The Japanese yen has been on a rollercoaster of late – weakening to levels not seen in over three decades against the US dollar, and then bouncing back with force. A more dovish than expected Bank of Japan (BoJ) meeting on April 25 sent the yen up sharply to 160 versus the US dollar. This was followed by an abrupt fall after what appears to be two instances of currency intervention directed by the Ministry of Finance (MoF). The first intervention occurred overnight on April 29 (EST) and again just after the New York market close on May 1. Looking forward, we see ample upside for the yen, with limited downside. However, the timing of gains will be driven by movements of the Federal Reserve (Fed) and will likely take time.

Outlook on the Yen

Our view on the yen has not changed. We expect global interest rates, particularly US interest rates, to be the primary driver of the yen. Because we believe that US disinflation will resume and US growth will slow back to and slightly below trend, we see a rally in the yen of around 20% over the next two to three years versus the US dollar (a fall in the US dollar/Japanese yen (USD/JPY) exchange rate). This move is consistent with a compression in US dollar/Japanese yen interest rate carry of 200-250 basis points and would take the USD/JPY exchange rate down to a level of 125-130 from its current level of 153. We expect Fed rate cuts to deliver 1.5-2.0% of that carry compression and BoJ rate hikes to account for an additional 0.5% between now and mid-2026. A hard landing in the US would send US rates and USD/JPY even lower (yen higher).

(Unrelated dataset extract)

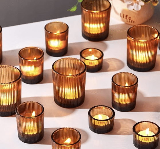 These amber votives come in a set with 3 sizes. You can use them all as votives or use the largest side as a small glass. Use this as inspiration, mix and match some new accents with those you already own and enjoy a warm, cozy winter night with your family and guests.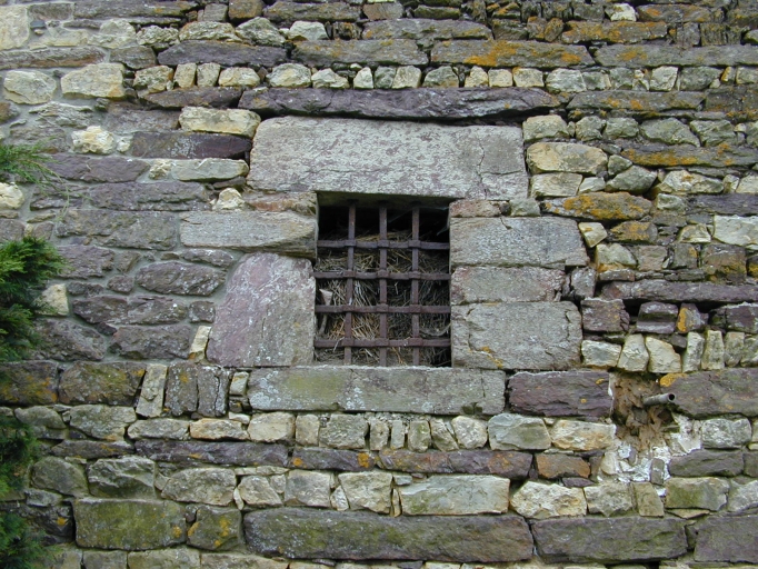 Détail du pignon est du bâtiment sud : fenêtre et sa grille de fer forgéImmatriculation

The recent strength in US inflation and growth make the timing of Fed rate cuts and sustained yen appreciation highly uncertain. So long as US growth and inflation keep the Fed on the sideline, we expect the yen to remain weak and weaken further if US yields break to new highs. However, we think further yen weakness will be limited for three key reasons.

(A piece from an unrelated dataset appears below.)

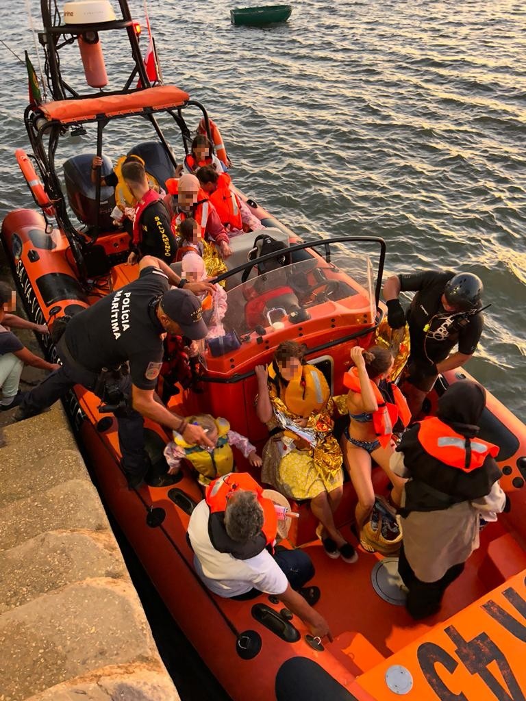À chegada ao local constatou-se que a embarcação acidentada transportava 16 pessoas, duas das quais eram os tripulantes da embarcação, nove adultos, entre os quais uma mulher grávida e cinco crianças com idades compreendidas entre os 2 e os 6 anos, que foram resgatadas do interior da gruta pelas embarcações da Polícia Marítima e da Estação salva-vidas de Ferragudo, com o apoio de uma mota de água de uma empresa marítimo-turística da praia de Benagil.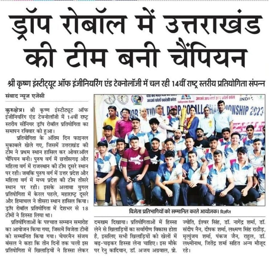 The 14th Senior National Drop Roball Championship concluded with Haryana’s boys’ and girls’ teams clinching the first position. The event showcased fierce competition among top teams from across the country, with Maharashtra and Himachal securing the second and third positions respectively. Hon’ble dignitaries felicitated the winners and applauded the high standard of performance throughout the tournament.

  1. Excessive rally. USD/JPY’s rally to 160 last Monday was excessive relative to current yield differentials.
  2. Intervention propels volatility. Yen intervention directly interrupts further downside and increases volatility, making speculative shorts less appealing. It is common to lament the futility of currency intervention, but in this case we believe it will be largely successful because a) the yen is historically cheap relative to long run fair value, b) the yen is fair to cheap against current interest rate differentials, and c) investors are already quite short the currency.
  3. Yields peaking. We believe US yields are nearing a high. Fed Chairman Powell stressed that policy rate hikes are unlikely even if inflation remains above target – instead, they are likely to simply hold at current levels and wait. At the same time, sustaining the recent string of upside surprises in US inflation and employment appears unlikely as expectations reset higher and data such as the pick-up in part-time employment, weak National Federation of Independent Business (NFIB) small business hiring intentions, and the low Job Openings and Labor Turnover Survey (JOLTS) quit rate all suggest better balance to fuel a return to disinflation.

Figure 1: USD/JPY Is Overreacting to Yield Differentials

USD/JPY Is Overreacting to Yield Differentials

The Bottom Line

Even with our view that yen downside is limited, and in the next two to three years we will see a 20+% appreciation, we think short-to-medium-term investors will struggle to justify paying the 5.5% annual carry costs given the uncertainty regarding the timing of appreciation. For investors with a long-term horizon, we think it may be wise to consider a two-fold approach: 1) take profit on short yen positions and 2) use weakness to gradually build long yen exposure versus a lower-yielding currency such as the Swiss franc.